[DATA EXTRACT — start]
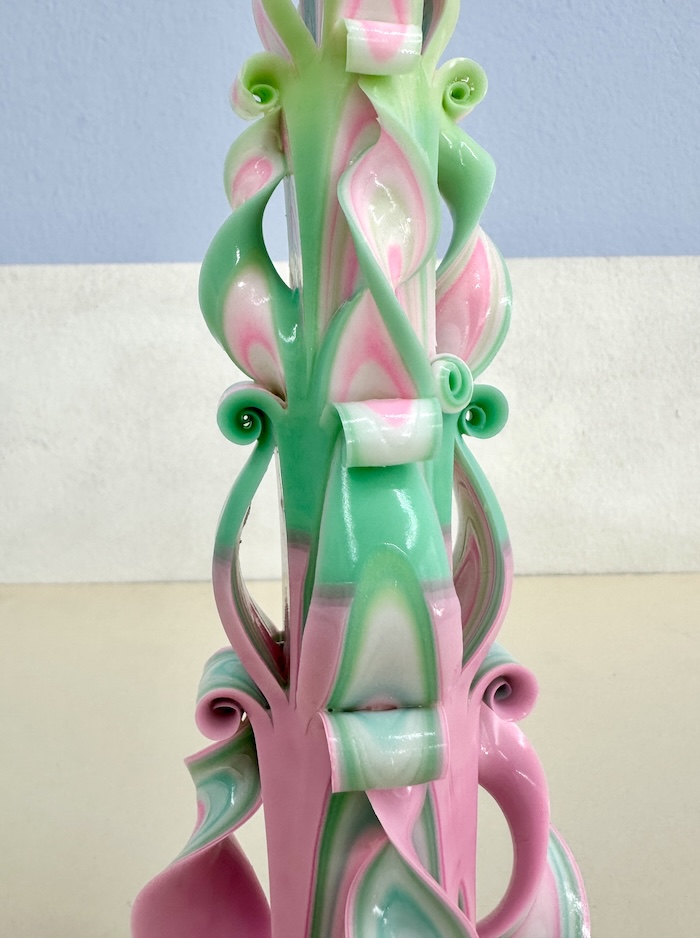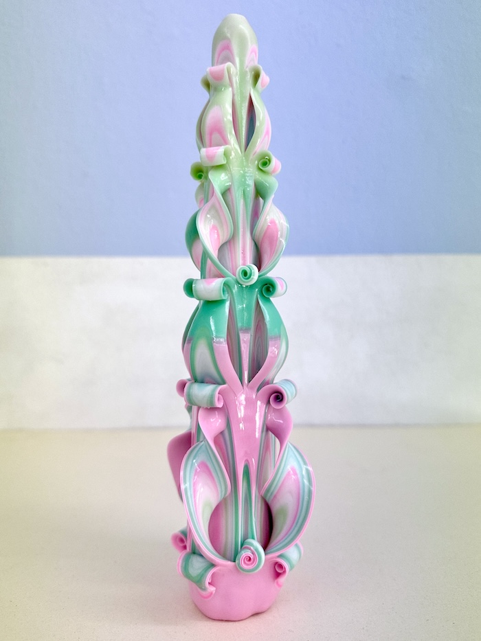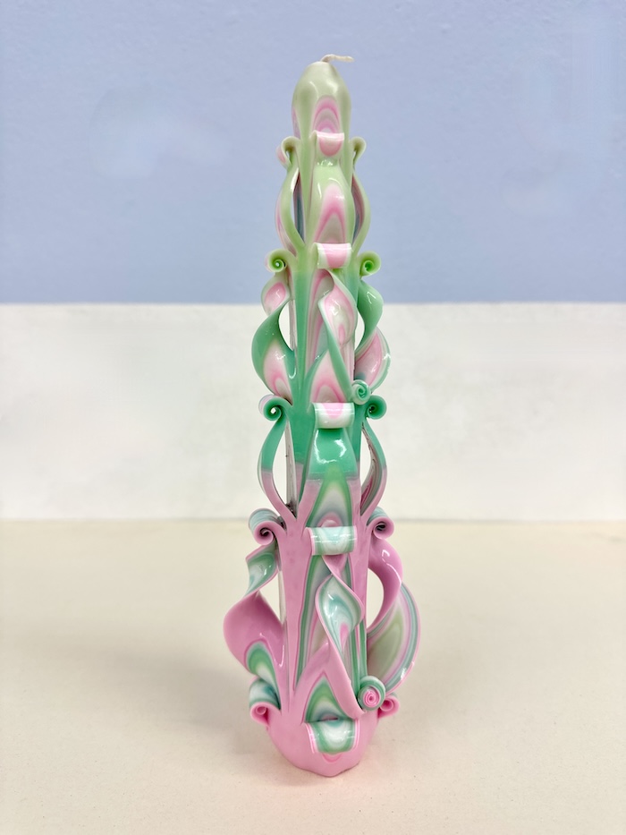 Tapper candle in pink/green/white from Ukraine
[DATA EXTRACT — finish]
[DATA EXTRACT — start]
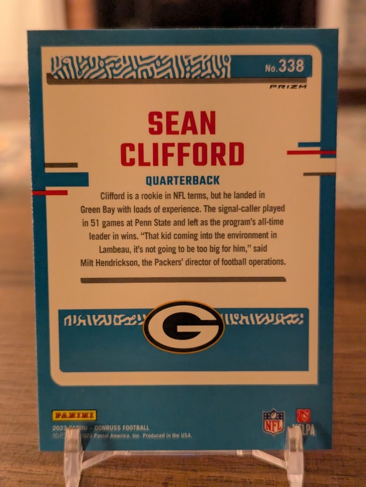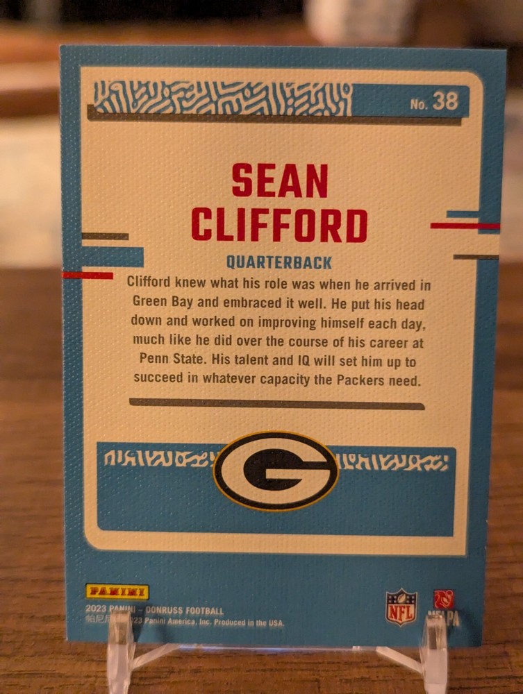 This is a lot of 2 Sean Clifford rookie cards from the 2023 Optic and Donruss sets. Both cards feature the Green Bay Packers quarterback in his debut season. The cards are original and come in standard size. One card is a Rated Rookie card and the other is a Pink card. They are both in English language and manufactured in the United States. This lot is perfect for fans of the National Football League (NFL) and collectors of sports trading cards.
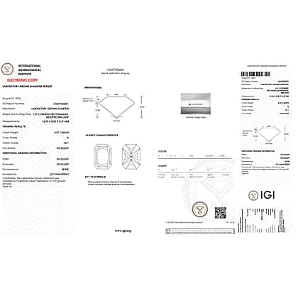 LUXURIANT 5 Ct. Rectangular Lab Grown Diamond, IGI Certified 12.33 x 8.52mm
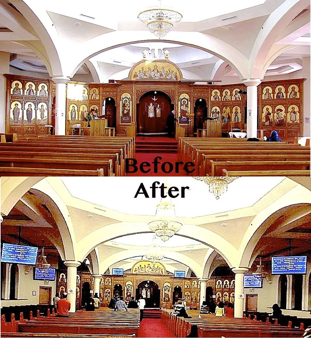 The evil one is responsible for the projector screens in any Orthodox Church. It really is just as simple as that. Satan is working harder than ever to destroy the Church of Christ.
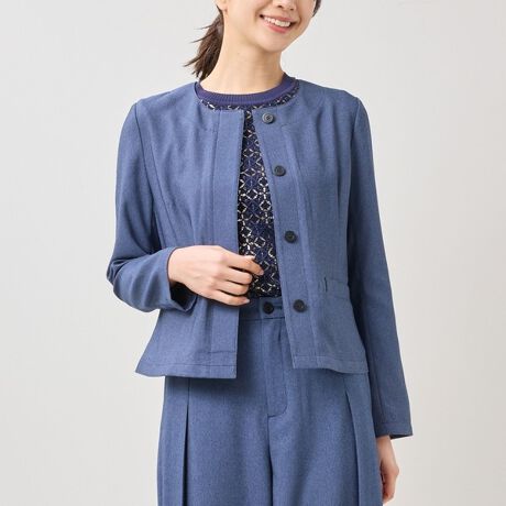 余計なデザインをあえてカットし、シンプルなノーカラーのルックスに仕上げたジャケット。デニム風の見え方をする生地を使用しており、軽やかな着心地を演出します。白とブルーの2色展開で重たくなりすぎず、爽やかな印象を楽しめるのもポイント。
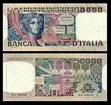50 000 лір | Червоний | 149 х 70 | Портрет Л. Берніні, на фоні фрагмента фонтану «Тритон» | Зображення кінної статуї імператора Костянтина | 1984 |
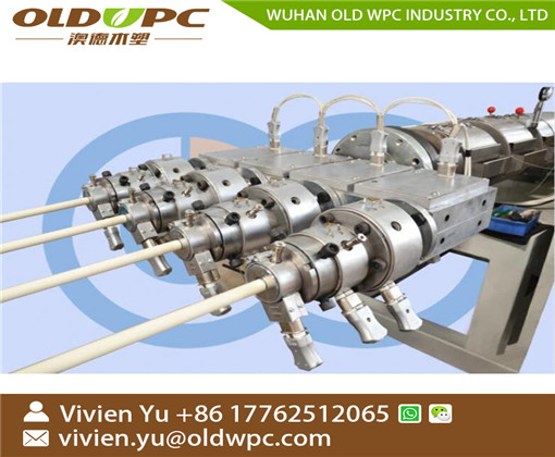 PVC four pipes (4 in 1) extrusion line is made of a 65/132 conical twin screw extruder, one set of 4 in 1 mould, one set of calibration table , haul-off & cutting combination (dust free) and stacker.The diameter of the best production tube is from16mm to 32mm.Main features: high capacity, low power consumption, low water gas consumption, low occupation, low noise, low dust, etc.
[DATA EXTRACT — finish]
[DATA EXTRACT — start]
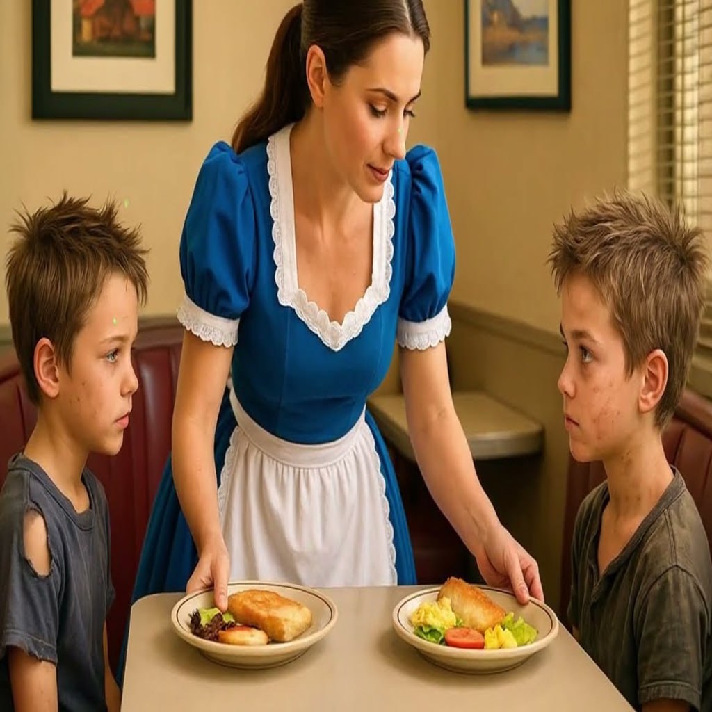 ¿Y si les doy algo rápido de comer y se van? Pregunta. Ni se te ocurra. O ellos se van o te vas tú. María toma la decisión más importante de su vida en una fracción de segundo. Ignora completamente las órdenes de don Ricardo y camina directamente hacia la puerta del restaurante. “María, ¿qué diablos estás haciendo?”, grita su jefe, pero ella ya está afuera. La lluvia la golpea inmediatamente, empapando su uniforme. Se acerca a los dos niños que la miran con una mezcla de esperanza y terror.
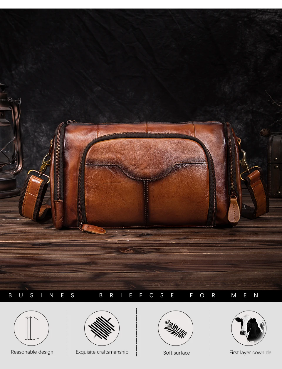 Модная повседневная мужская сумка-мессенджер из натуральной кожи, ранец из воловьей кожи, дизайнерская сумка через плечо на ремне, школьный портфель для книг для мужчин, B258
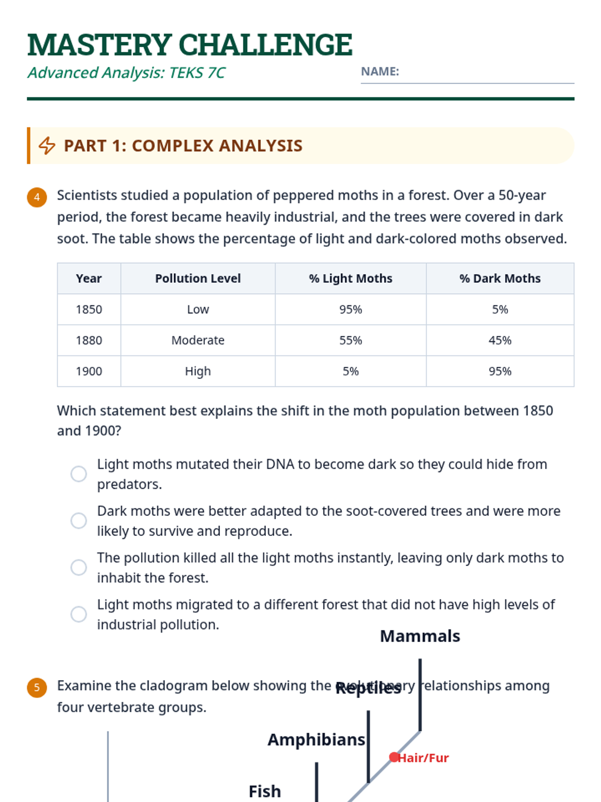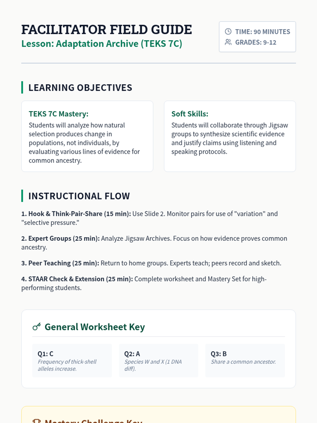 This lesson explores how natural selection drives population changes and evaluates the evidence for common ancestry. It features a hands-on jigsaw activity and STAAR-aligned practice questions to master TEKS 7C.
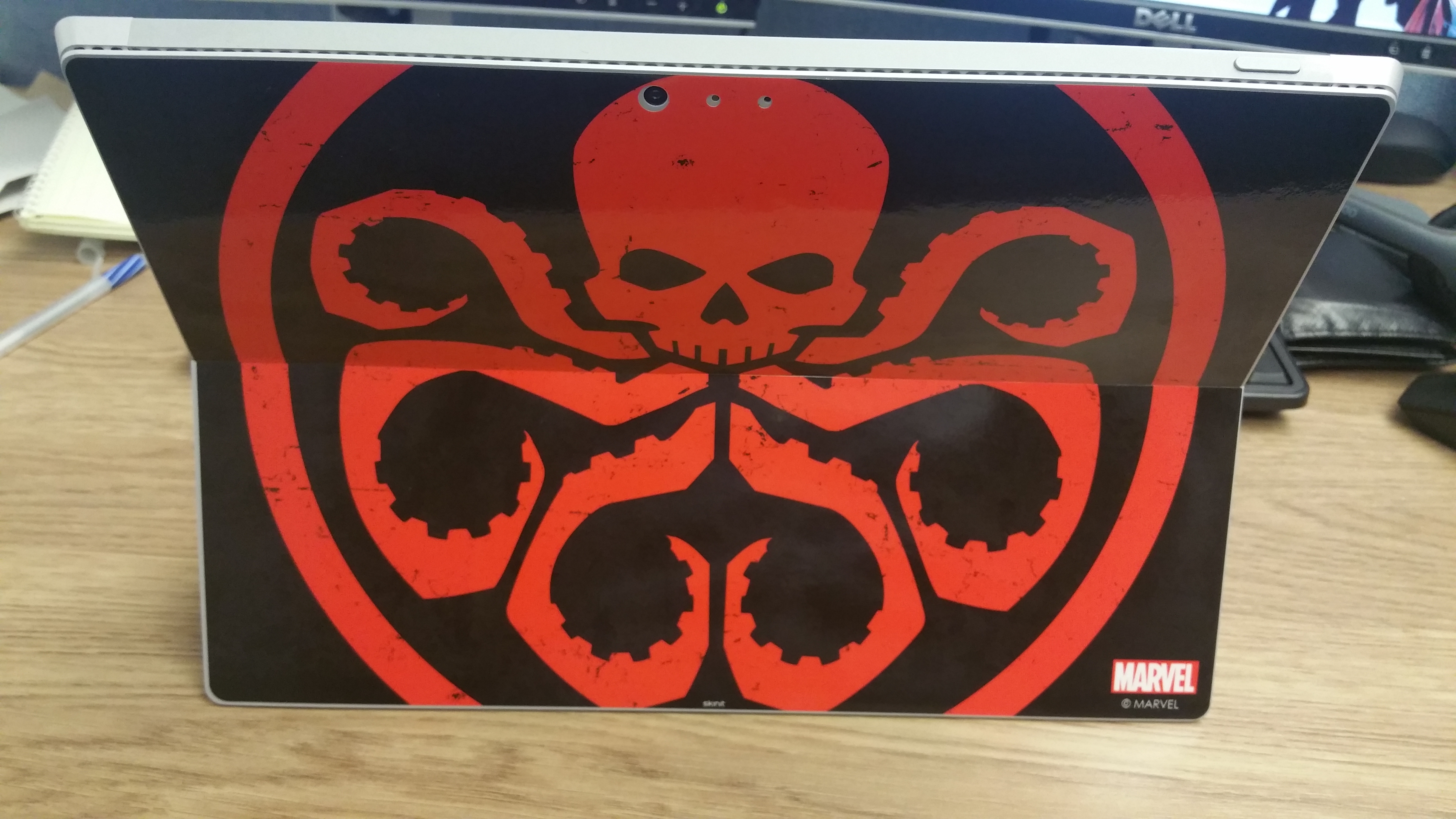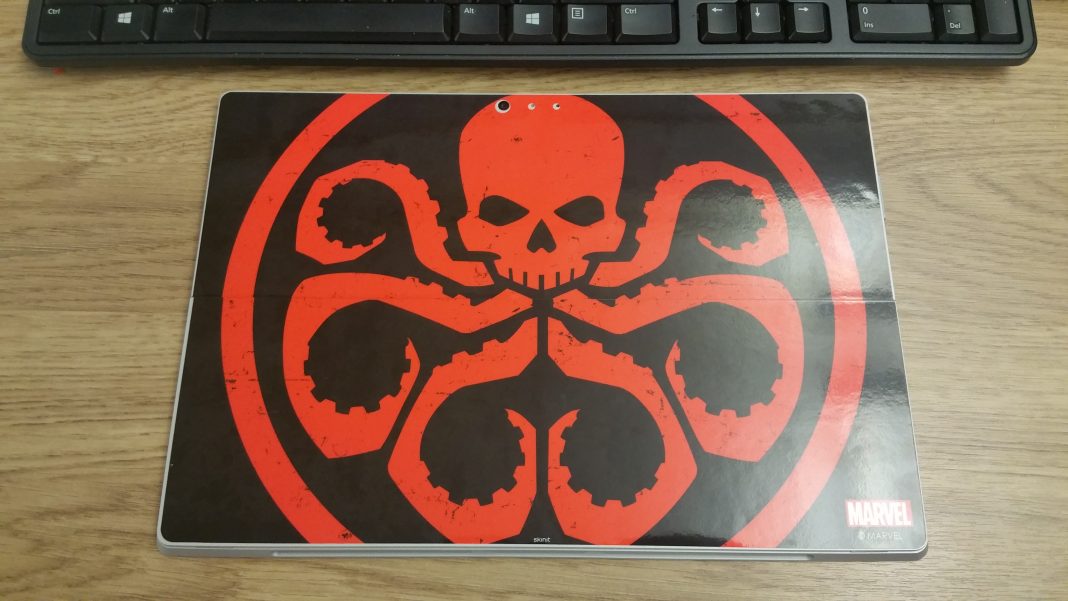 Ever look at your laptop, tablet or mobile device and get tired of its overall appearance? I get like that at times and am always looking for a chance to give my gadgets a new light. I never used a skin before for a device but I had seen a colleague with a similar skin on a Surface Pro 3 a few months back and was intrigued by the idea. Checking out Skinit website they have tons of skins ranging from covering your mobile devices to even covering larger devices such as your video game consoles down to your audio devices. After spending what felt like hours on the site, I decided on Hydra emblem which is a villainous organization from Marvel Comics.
[DATA EXTRACT — finish]
* **TASK OBJECTIVE**
The lines to copy exactly start with the line above that has "esperanza y terror." and go on through the line that has "Модная повседневная мужская"; please include both, add nothing else, and omit the pictures.

* **ANSWER TO THIS PROBLEM**
 ¿Y si les doy algo rápido de comer y se van? Pregunta. Ni se te ocurra. O ellos se van o te vas tú. María toma la decisión más importante de su vida en una fracción de segundo. Ignora completamente las órdenes de don Ricardo y camina directamente hacia la puerta del restaurante. “María, ¿qué diablos estás haciendo?”, grita su jefe, pero ella ya está afuera. La lluvia la golpea inmediatamente, empapando su uniforme. Se acerca a los dos niños que la miran con una mezcla de esperanza y terror.
 Модная повседневная мужская сумка-мессенджер из натуральной кожи, ранец из воловьей кожи, дизайнерская сумка через плечо на ремне, школьный портфель для книг для мужчин, B258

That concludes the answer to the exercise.